The problem, however, is that a Chinese character being read by a CFL learner or a native speaker of Chinese does not usually provide clues to the sound-meaning relations. The strokes and radicals in a character do not always represent its meaning fully or explicitly. As a result, the cognitive workload can be doubled for CFL learners, especially for beginners who do not have sufficient knowledge of characters to decode the unknown characters for reading comprehension. At their level of proficiency, they also need to relate the alphabetical Pinyin with the logographical characters phonologically and the characters with their semantical meanings in context. With respect to writing Chinese characters, the cognitive processes involved have been examined through two basic types of learner errors (Shen, 2013): intra-character-writing when the shape of a character is altered by omitting or adding strokes, and substitution when a targeted character is substituted by another or by a non-character invented by the learner. The first type of error indicates that the learner’s attention is upon the overall configuration of the character but not upon the details, while the second type shows that attention is upon the similarity between characters without recognising the differences, which shows the complex processes for writing Chinese characters by a learner.
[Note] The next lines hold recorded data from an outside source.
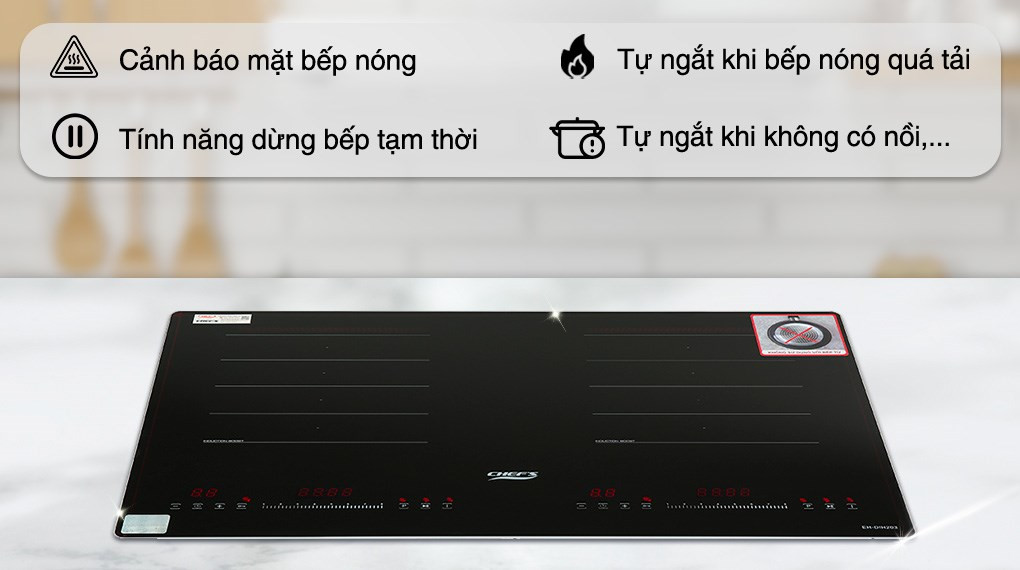- Cảnh báo mặt bếp nóng giúp người dùng nhận ra và tránh chạm vào mặt bếp gây bỏng.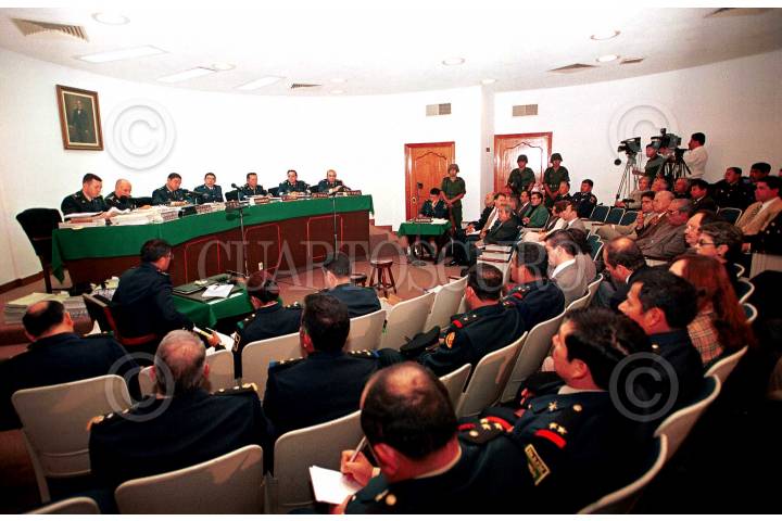 En la segunda sesión del consejo, donde se dictaminará una sentencia de culpabilidad o inocencia, mostró a un Quirós con un aparato al oído por sus problemas de escucha y a un Acosta adusto, a ratos sonriente, que en principio saludó de beso a su familia. FOTO: Oswaldo Ramírez/CUARTOSCURO.COM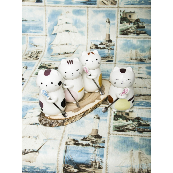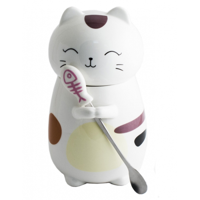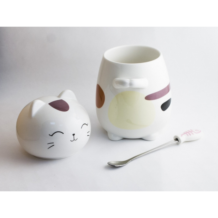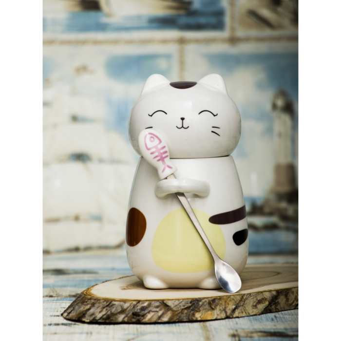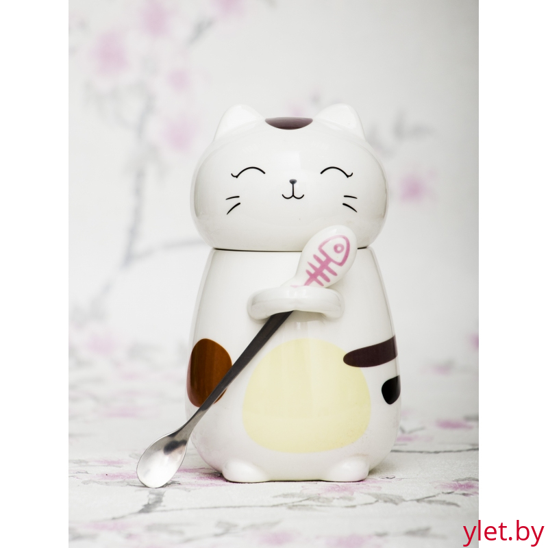 - Дизайн: Кружка в форме пузатого котика с головкой, которая служит крышкой, не только защищает напиток от остывания, но и добавляет элемент игры и веселья. Котик держит в своих лапках забавную рыбку-ложку, которая делает процесс чаепития еще более занимательным.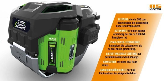 De AS-Motor Electric accu’s zijn compatibel met alle professionele handheld apparaten van EGO Powertools.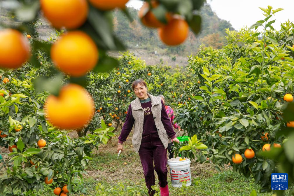 12月7日,果农在贵州省息烽县温泉镇三交村搬运柑橘。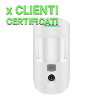 Rilevatore con fotoverifica, foto su richiesta - Ajax Superior. Staffa con vite di fissaggio. Alimentazione 2 pile CR123A 3.0 V Panasonic. Senza fili 868 MHz Jeweller. Range di rilevamento 12 m e risoluzione VGA. Certificato grado 2. Compatibile con: Hub 2 e Hub 2 Plus. Dimensioni (senza staffa) 135 (H) x 70 (L) x 60 (P) mm. Colore bianco.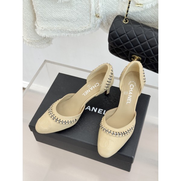샤넬(CHANEL) 배색 컷아웃 힐 샌들 신발 > 힐/펌프스

Such studies have suggested that for reading and writing characters, metalinguistic awareness, both phonological and orthographic, is important due to the nature of the logographic writing system. As learners encounter greater cognitive constraints when reading and writing in Chinese than in alphabetic languages, their knowledge of their first languages is rarely sufficient to assist their development in the L2. As a result, there has been continuing frustration and reluctance to teach or learn Chinese characters in educational settings, leading Allen (2009) to propose that, in order to save time and effort for all parties involved, handwriting Chinese characters should be replaced by electronic writing for beginner learners. Yet, as Everson (2011a: 267) observes, ‘the idea of abandoning handwriting will most likely be contested among native teachers of Chinese, as the writing of characters is not only viewed by them as useful for communication, but as a gateway into Chinese and much of Asia...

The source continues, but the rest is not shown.